TASK DIRECTIONS — Return the listing below exactly as it stands. Pictures stay out.

SOURCE MATERIAL —
====================
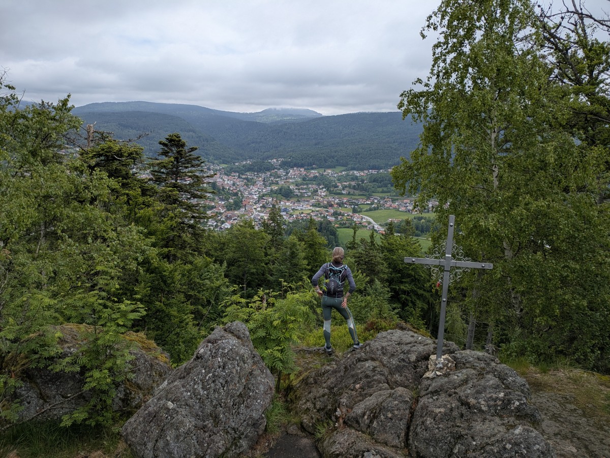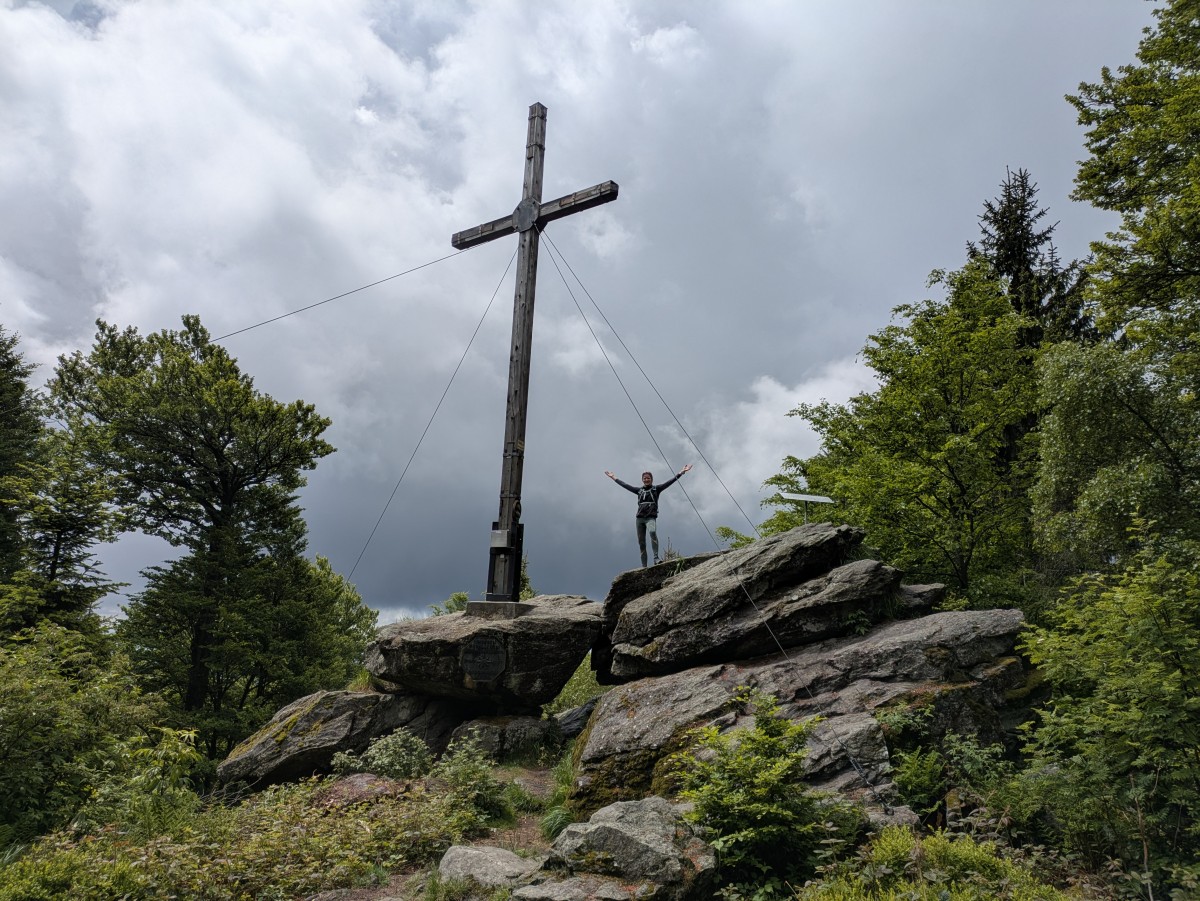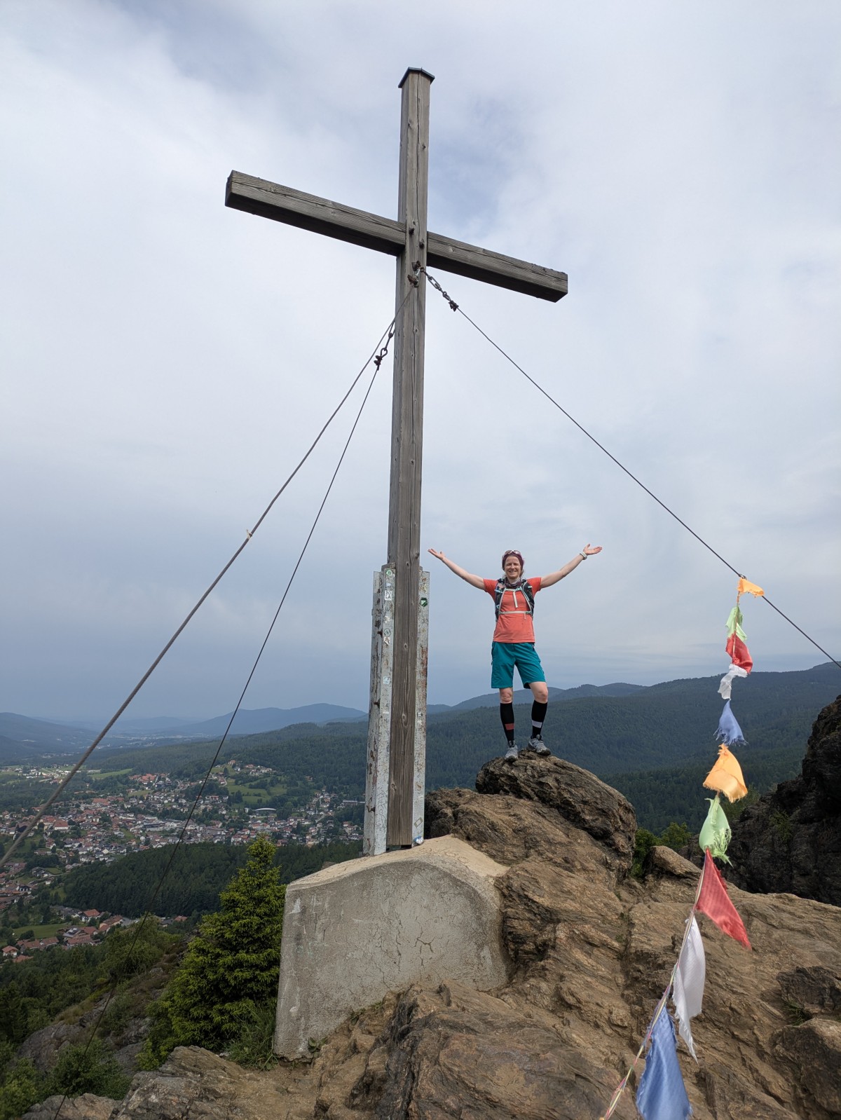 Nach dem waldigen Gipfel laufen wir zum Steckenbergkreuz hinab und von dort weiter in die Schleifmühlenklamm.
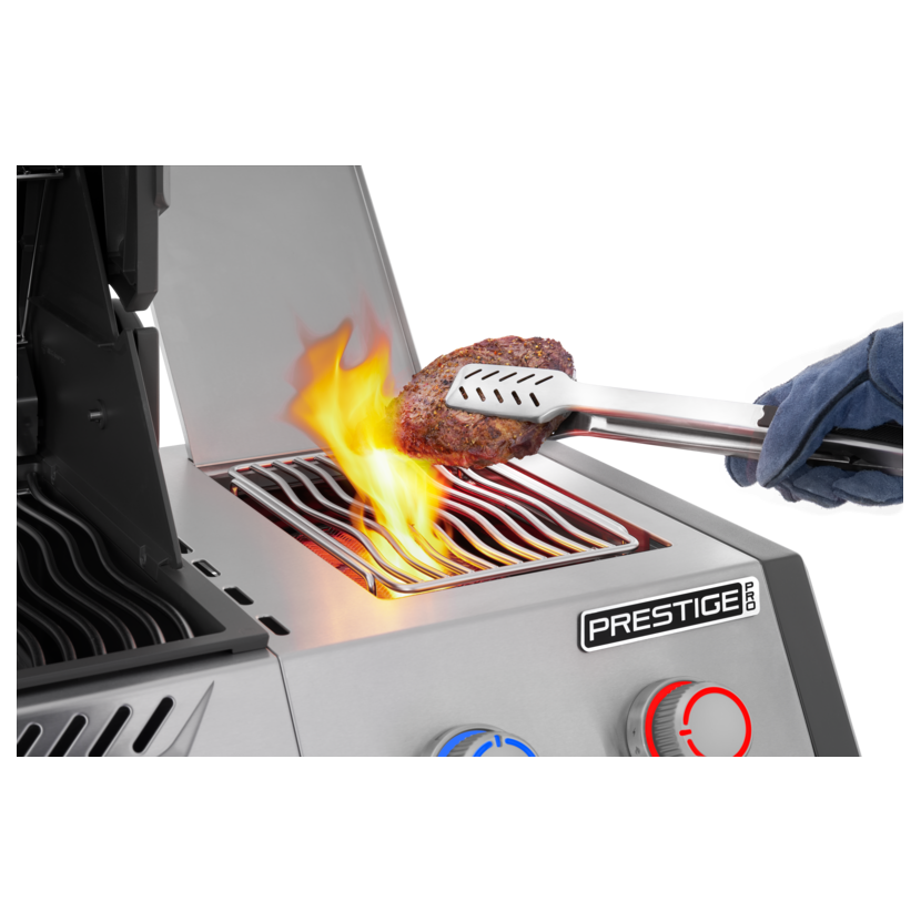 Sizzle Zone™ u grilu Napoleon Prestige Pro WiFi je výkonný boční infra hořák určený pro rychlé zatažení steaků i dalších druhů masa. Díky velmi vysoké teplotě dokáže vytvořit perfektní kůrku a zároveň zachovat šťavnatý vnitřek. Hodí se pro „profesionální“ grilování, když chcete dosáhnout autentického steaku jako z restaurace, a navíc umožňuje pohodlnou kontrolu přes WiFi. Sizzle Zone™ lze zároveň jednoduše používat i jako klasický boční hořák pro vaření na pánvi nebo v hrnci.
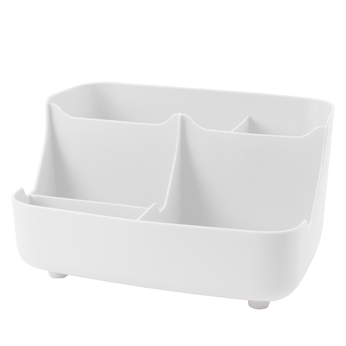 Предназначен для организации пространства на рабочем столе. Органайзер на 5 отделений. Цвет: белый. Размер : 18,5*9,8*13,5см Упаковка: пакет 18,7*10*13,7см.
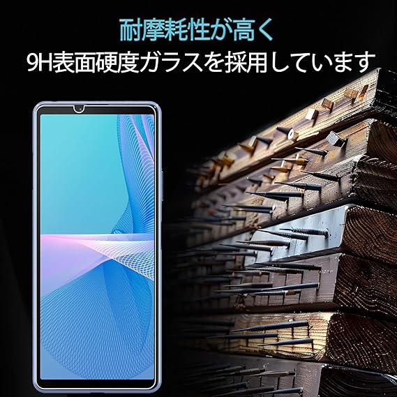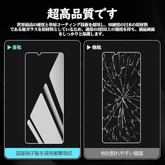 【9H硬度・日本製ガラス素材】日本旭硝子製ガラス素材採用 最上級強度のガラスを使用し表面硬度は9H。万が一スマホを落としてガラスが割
====================
RESPONSE TO THE TASK —
 Nach dem waldigen Gipfel laufen wir zum Steckenbergkreuz hinab und von dort weiter in die Schleifmühlenklamm.
 Sizzle Zone™ u grilu Napoleon Prestige Pro WiFi je výkonný boční infra hořák určený pro rychlé zatažení steaků i dalších druhů masa. Díky velmi vysoké teplotě dokáže vytvořit perfektní kůrku a zároveň zachovat šťavnatý vnitřek. Hodí se pro „profesionální“ grilování, když chcete dosáhnout autentického steaku jako z restaurace, a navíc umožňuje pohodlnou kontrolu přes WiFi. Sizzle Zone™ lze zároveň jednoduše používat i jako klasický boční hořák pro vaření na pánvi nebo v hrnci.
 Предназначен для организации пространства на рабочем столе. Органайзер на 5 отделений. Цвет: белый. Размер : 18,5*9,8*13,5см Упаковка: пакет 18,7*10*13,7см.
 【9H硬度・日本製ガラス素材】日本旭硝子製ガラス素材採用 最上級強度のガラスを使用し表面硬度は9H。万が一スマホを落としてガラスが割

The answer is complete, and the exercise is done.